Aim of the task:
Scan the records below for the line with "Зручне стильне сито" and the line with "Jautienos bifšteksas su", and retype that range exactly, both ends included, pictures excepted.

Record extracts:
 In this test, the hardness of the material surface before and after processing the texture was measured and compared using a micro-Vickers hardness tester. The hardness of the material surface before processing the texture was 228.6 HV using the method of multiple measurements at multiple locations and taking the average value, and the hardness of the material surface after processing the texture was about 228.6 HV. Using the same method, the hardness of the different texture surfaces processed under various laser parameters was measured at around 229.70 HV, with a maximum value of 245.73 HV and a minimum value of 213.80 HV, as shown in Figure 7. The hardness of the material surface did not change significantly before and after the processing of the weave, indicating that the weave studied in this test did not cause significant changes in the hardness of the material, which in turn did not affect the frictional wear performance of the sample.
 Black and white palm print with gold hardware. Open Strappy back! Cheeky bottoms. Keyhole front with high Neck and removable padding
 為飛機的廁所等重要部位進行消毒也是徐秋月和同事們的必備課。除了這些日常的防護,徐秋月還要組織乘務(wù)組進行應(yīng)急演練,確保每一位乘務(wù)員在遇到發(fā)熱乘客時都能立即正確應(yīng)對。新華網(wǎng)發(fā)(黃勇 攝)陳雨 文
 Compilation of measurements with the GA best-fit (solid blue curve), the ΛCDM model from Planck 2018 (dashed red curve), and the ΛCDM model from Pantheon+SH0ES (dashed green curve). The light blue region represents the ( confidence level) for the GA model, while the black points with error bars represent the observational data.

---

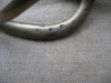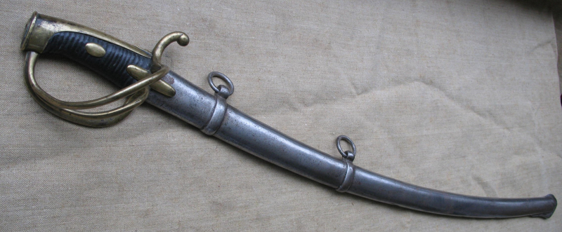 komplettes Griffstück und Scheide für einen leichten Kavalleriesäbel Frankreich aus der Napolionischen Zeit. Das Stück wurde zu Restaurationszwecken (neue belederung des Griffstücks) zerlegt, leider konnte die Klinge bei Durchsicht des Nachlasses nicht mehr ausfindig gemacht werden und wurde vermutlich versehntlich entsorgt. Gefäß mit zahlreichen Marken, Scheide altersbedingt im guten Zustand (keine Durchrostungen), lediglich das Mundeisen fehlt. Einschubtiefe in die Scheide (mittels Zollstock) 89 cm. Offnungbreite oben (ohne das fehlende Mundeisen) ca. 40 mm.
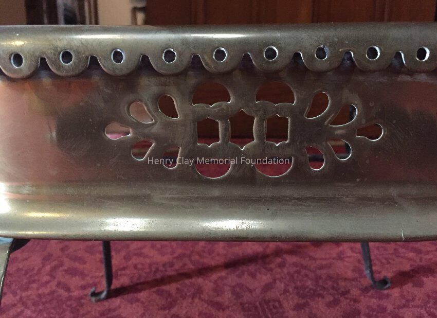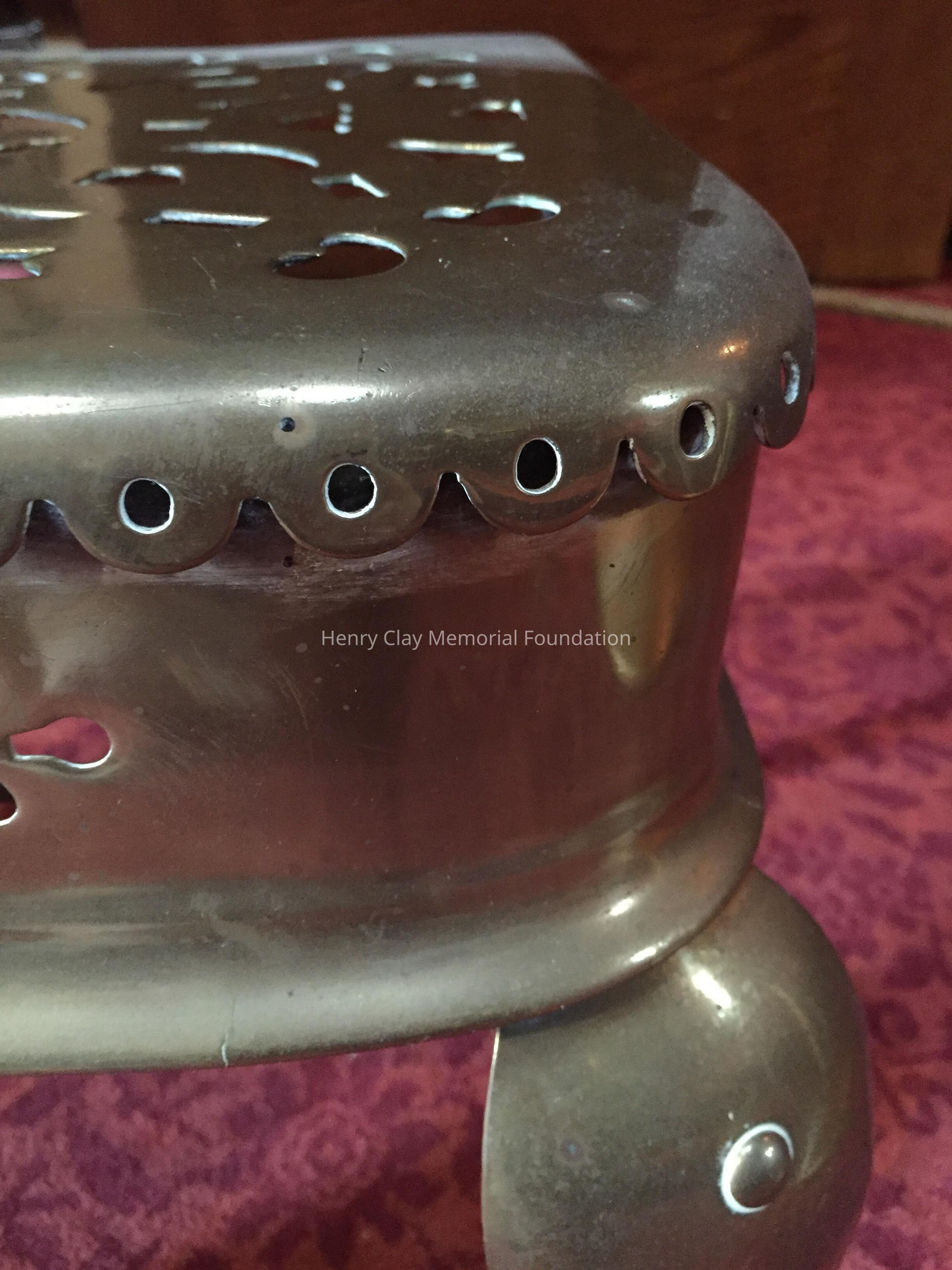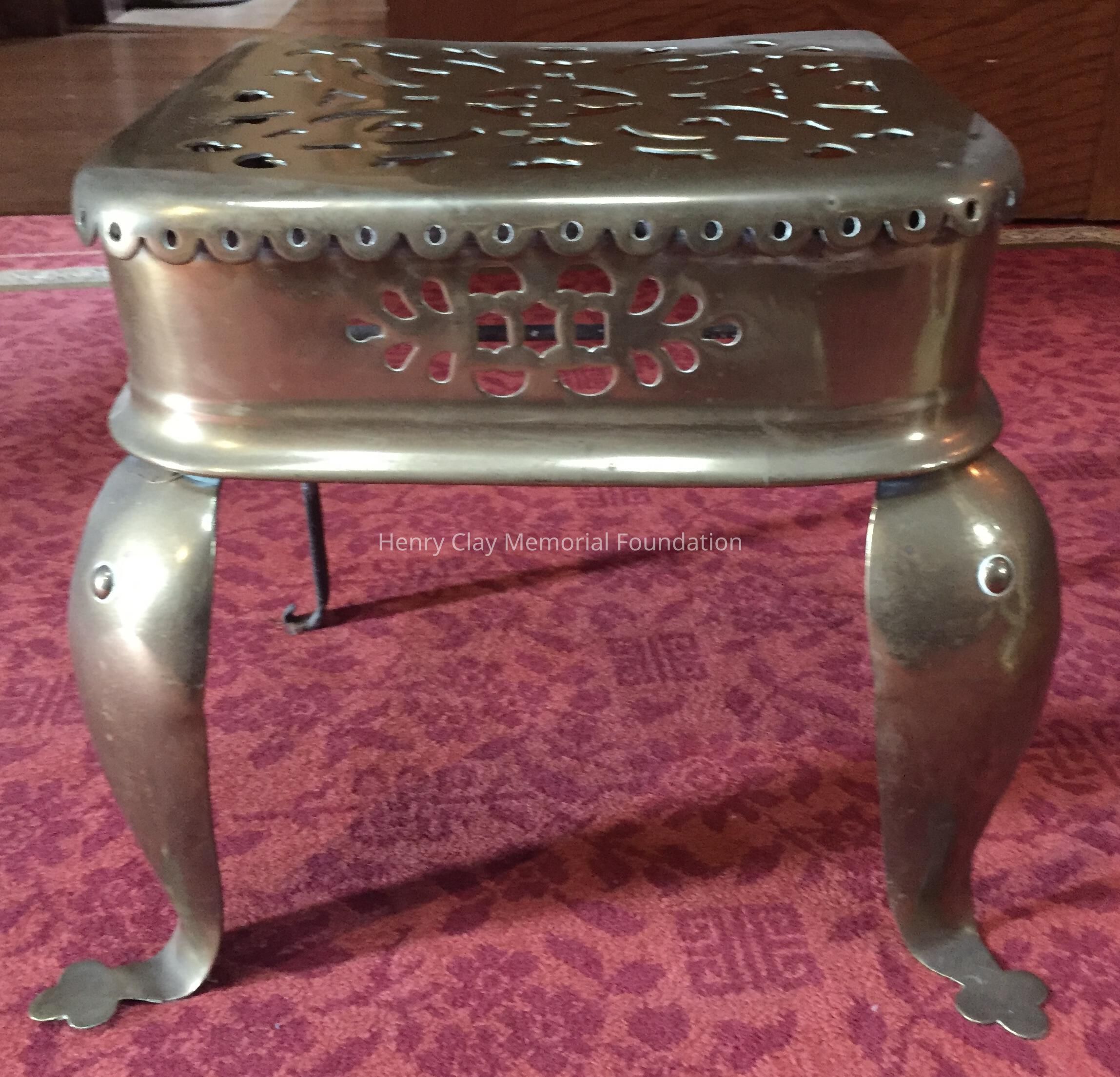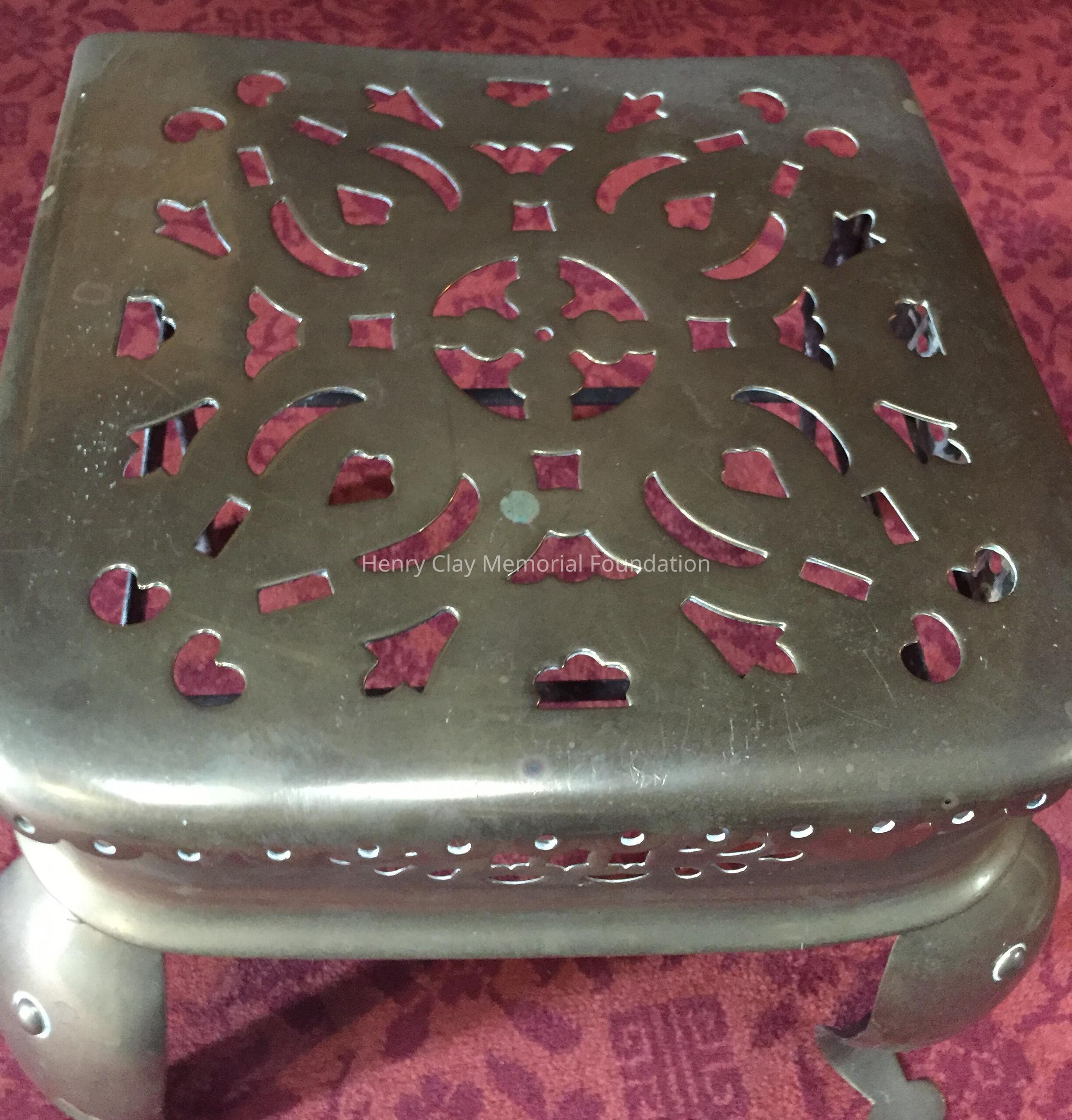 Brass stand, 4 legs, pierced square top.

==

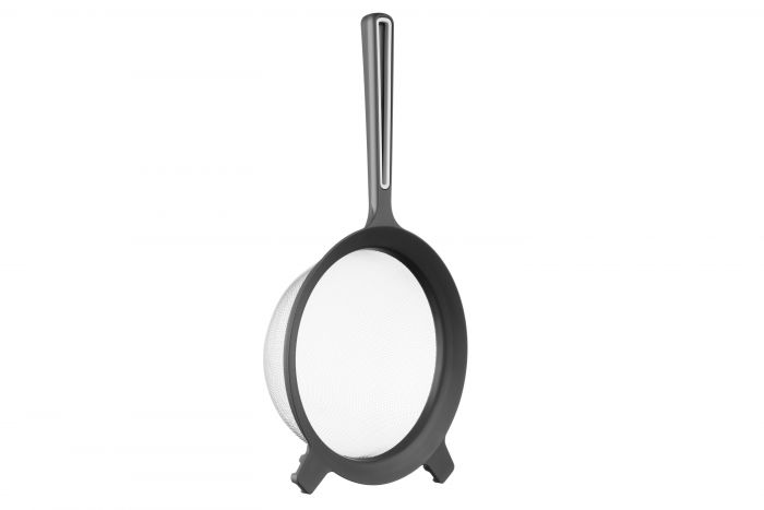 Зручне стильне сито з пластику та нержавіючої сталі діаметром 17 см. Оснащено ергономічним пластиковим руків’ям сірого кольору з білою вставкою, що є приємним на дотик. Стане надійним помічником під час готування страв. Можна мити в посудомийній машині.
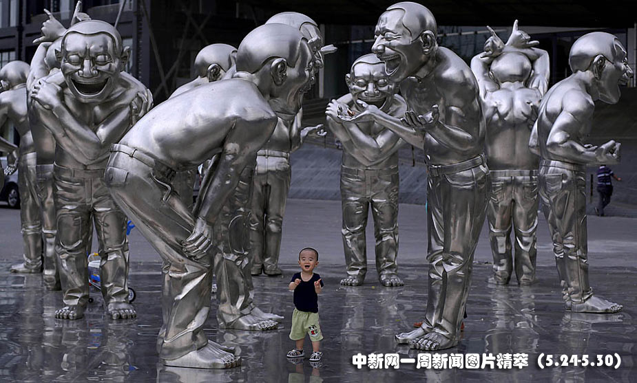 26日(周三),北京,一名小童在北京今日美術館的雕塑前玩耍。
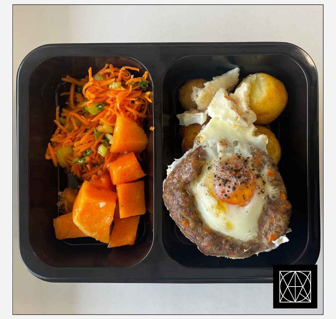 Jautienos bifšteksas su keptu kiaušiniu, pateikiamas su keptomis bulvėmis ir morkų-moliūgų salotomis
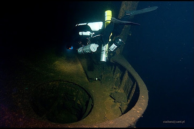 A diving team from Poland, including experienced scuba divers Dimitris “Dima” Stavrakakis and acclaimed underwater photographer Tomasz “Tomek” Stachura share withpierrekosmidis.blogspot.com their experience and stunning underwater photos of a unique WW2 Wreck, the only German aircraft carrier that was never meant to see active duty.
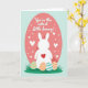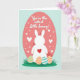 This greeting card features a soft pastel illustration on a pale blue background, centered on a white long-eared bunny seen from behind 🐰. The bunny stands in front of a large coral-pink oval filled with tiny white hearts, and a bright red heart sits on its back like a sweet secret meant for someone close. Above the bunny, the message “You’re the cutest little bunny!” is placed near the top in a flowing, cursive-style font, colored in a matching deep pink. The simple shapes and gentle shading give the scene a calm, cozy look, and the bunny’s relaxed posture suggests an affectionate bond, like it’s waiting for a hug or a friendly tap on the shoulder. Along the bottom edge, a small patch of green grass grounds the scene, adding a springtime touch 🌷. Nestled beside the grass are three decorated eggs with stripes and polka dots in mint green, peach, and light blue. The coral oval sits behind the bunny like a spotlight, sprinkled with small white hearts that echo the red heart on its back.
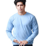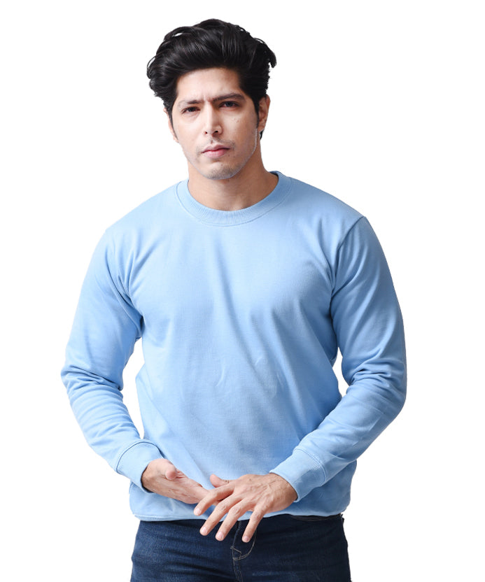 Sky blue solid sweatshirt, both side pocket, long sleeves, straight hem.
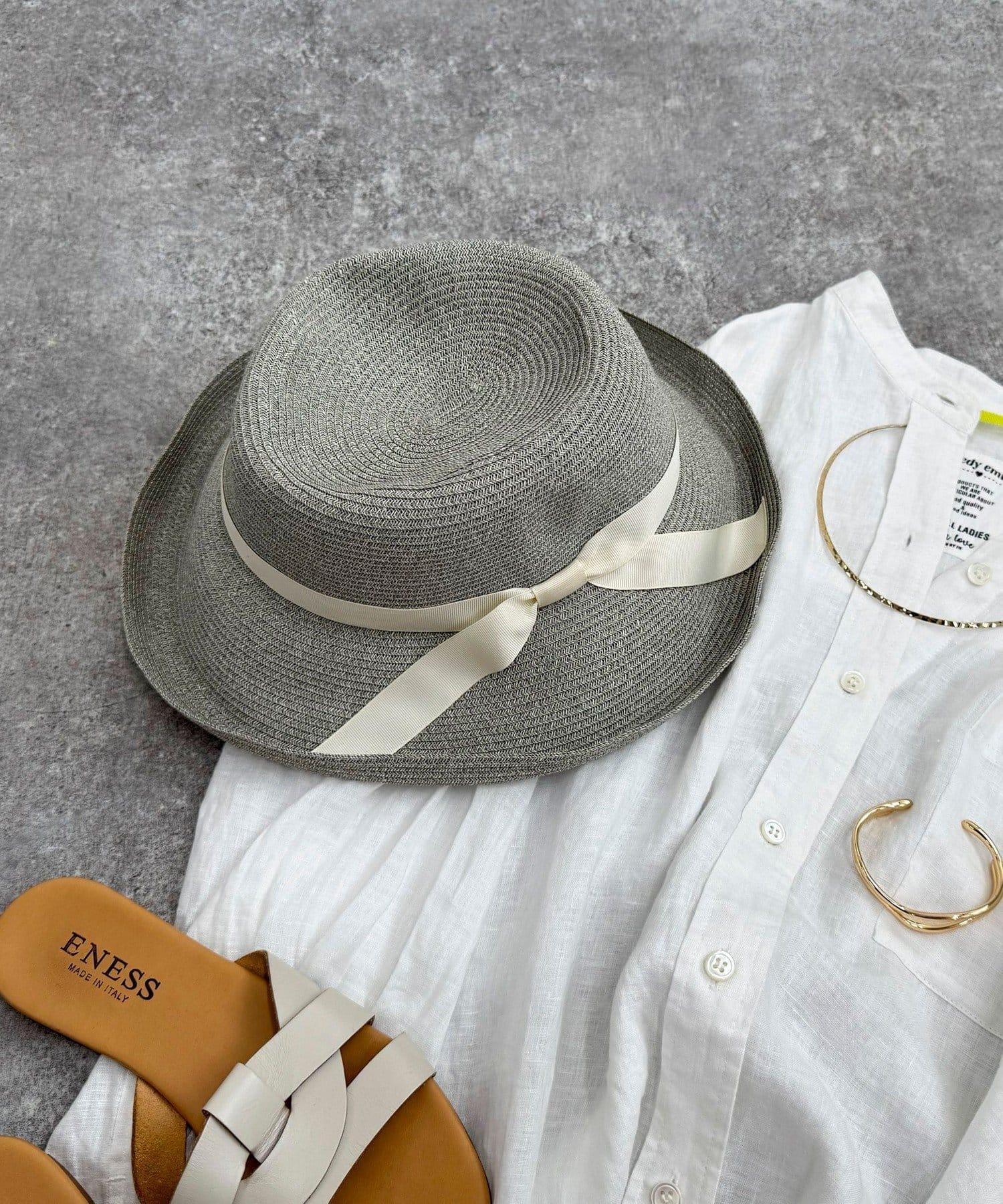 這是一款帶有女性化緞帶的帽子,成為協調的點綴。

Answer area:
 Зручне стильне сито з пластику та нержавіючої сталі діаметром 17 см. Оснащено ергономічним пластиковим руків’ям сірого кольору з білою вставкою, що є приємним на дотик. Стане надійним помічником під час готування страв. Можна мити в посудомийній машині.
 26日(周三),北京,一名小童在北京今日美術館的雕塑前玩耍。
 Jautienos bifšteksas su keptu kiaušiniu, pateikiamas su keptomis bulvėmis ir morkų-moliūgų salotomis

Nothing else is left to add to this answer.